Yıllarca Özel İdare Müdürlüğü bünyesinde çalışkan ve iş bitiriciliği ile tanınan ve bu yüzden de siyasilerin hep yardım istedikleri kişi olan Abdi Baklan, emekli olduktan sonra siyasi arenada hep ilkeli bir şekilde boy göstermiştir. İl Genel Meclisi üyeliği, parti delegeliği derken, son yıllarda da İyi Parti bünyesinde siyasete devam ediyor.
İsmail Ağar, bildiğiniz gibi yılların hakimi, İlksan’ı kurtaran kişi olarak bilinir. DYP çizgisinden sapmadan bugünlere gelmiş, o da İyi Parti bünyesinde siyaset yapıyor. Onların yaptığı siyaset anlayışı eskilere dayansa da, kendilerini tazelemesini bilen şahsiyetler. Yani bugünün siyasi çamurluğu içinde entelektüel bir anlayış çerçevesinde siyasi adap ve terbiyesini asla bozmadan yollarında yürüyorlar. Gençlere yol verip, düşünceleri ile onları destekliyorlar.
İşte bu iki kadim dost ile gece yarılarına kadar sohbet ederken, Abdi Baklan’a bir kendini bilmez densizin “Prostatlı” küçümsemesi ile sosyal medyada yorumlar yaptığını; Abdi Baklan’ın gülümseyerek anlatımı ile öğrendim. Bir siyasi partimizin yöneticisi olan kişi, “iler ki günlerde köşemin mevzusu olacak” konu yüzünden eleştirmek için hakaretvari yorumlar ile güya, kendince Abdi Ağa’yı aşağılamak istemiş.
Hayatı boyunca ciddi sağlık sorunları olmayan, sadece yıllardır eşinin hastalığı yüzünden İstanbul-İzmir-Denizli arasında mekik dokuyan Abdi Baklan’a “sende prostat var mı” diye sordum.
Gülümseyerek, “ben 74 yaşındayım. Bu yaşıma kadar yıllık kontrollerimi yaptırmama rağmen prostat bir hastalık olarak belirmedi. Böyle bir derdim de yok” cevabını verdi. Anlaşılan, kendisinden emin olan ve “ekşi yemedim karnım ağrısın” misali bu tür alaylı yorumlara bile tebessüm ile bakabilecek kadar sosyal medyayı iyi tanıyan birisi olduğunu da öğrenmiş oldum. Öyle ya, 74 yaşına kadar ilkeli bir şekilde gel, küçük bir olay yüzünden çocuğu yaşındaki, üstelik aynı partinin bir yöneticisi tarafından alaylı yorumlara konu ol. Bu olacak bir şey mi?
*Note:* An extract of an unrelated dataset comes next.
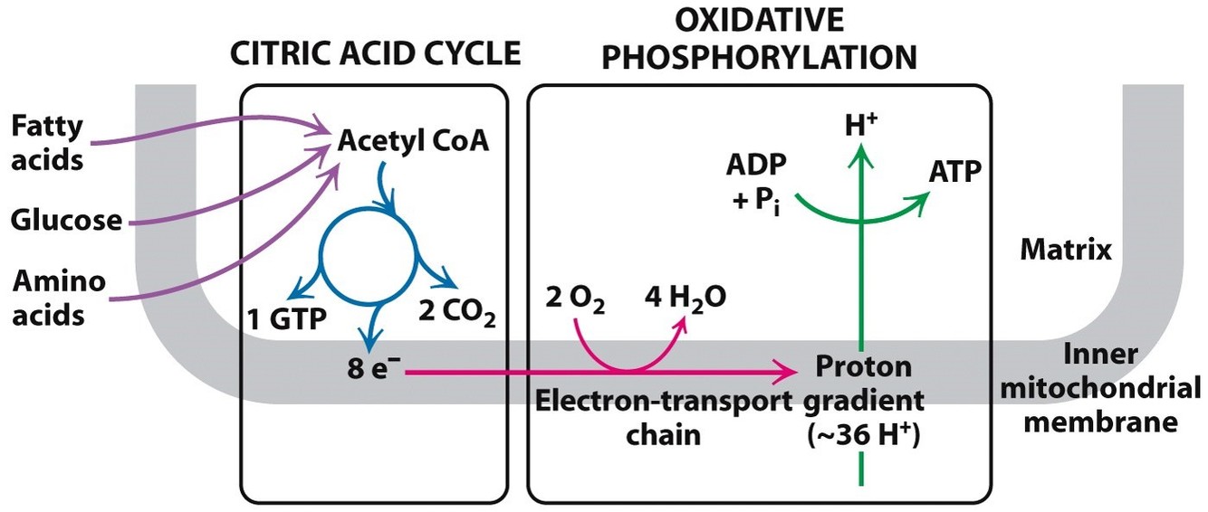 Where does the citric acid cycle and oxidative phosphorylation occur?

Ama oldu işte. Dün gittiği yolda, yol arkadaşlarını satarak kulvar değiştiren bir siyasetçinin yorumları ile yeni düzen siyasetin ilkesizliğini de gördü Prostatlı Abdi Ağam. Üstelik bu alaylı yorumlara kimse de sesini çıkarmadı. İktidara yürüdüğünü belirten bir siyasi partinin insanları, çok eleştirdikleri ve küfür olarak nitelendirdikleri, eleştirdikleri karşıt partinin sözlerini hiç utanmadan kendi partidaşlarına söyleyebiliyor. Üstelik babası yaşındaki bir insana hakaret etmek için söylüyor bunu.
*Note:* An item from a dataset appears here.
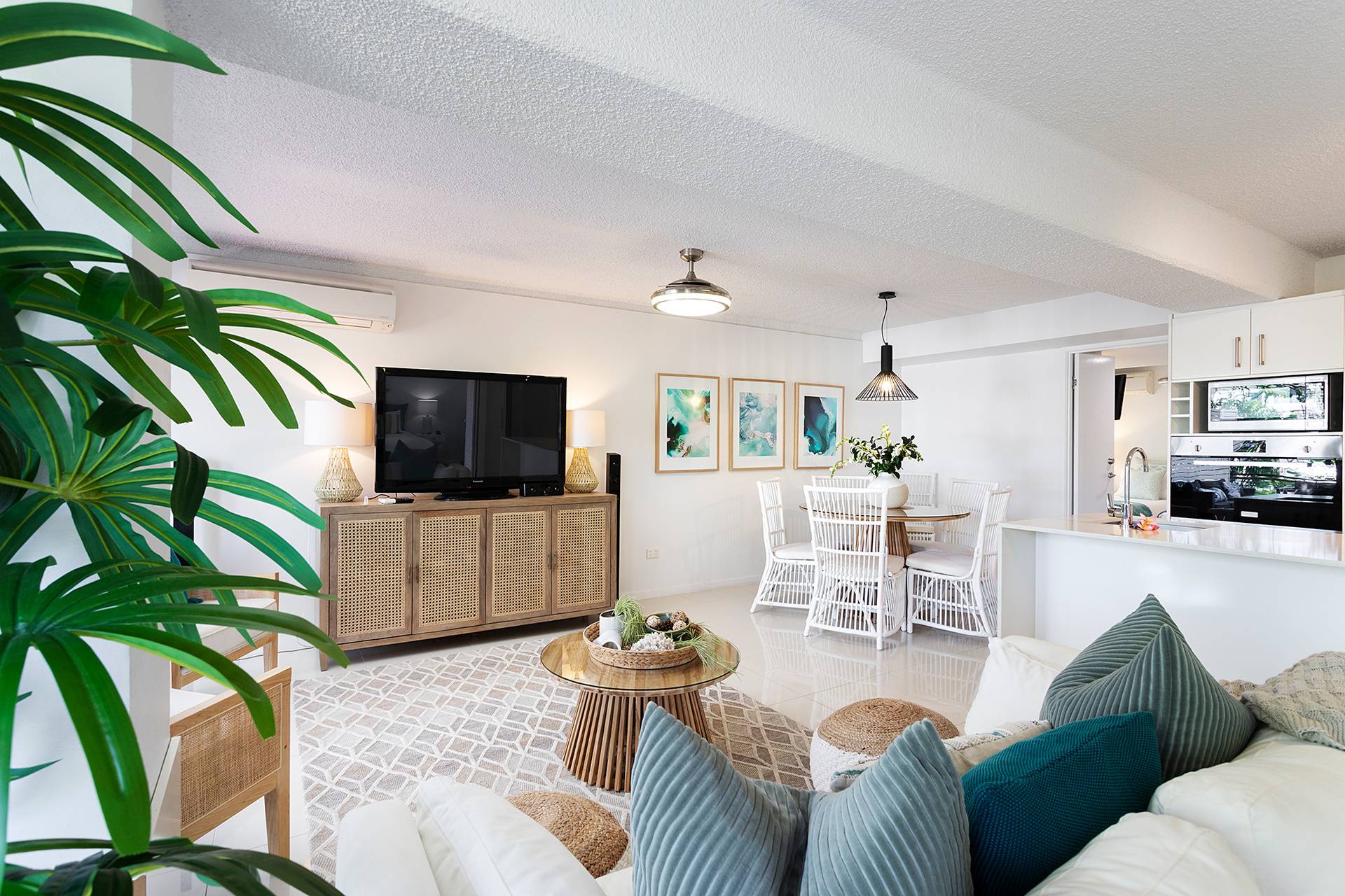 On the ground level, it is easy to sigh when you open the door and peer beyond the hallway to the open-plan, sandy-hued tiled living space with its naturally bright beachy aesthetic and muted monochromatic palette. The perfect complement are high quality furnishings such as a sumptuous sofa, smart television and thoughtful lighting and accessories.

Abdi Baklan bu sosyal medya paylaşımlarını gülerek, olgunluk içinde karşılıyor. Çünkü o, geçtiğimiz yıllarda da (DYP’li) partidaşı ünlü bazı isimlerin şikayetleri ile karşılaşmış bir kişi olduğundan, bu tür siyasi atmosferin getirdiği gerginliği ve insanların ruh halini iyi biliyor.
“Küçük insanlar, küçük işlerle uğraşırlar. Sabahları evden çıkarken aynaya bakmadıklarından, kendi sülietlerini başkalarında görmeye alışmışlar” diyerek, boş ver diyor.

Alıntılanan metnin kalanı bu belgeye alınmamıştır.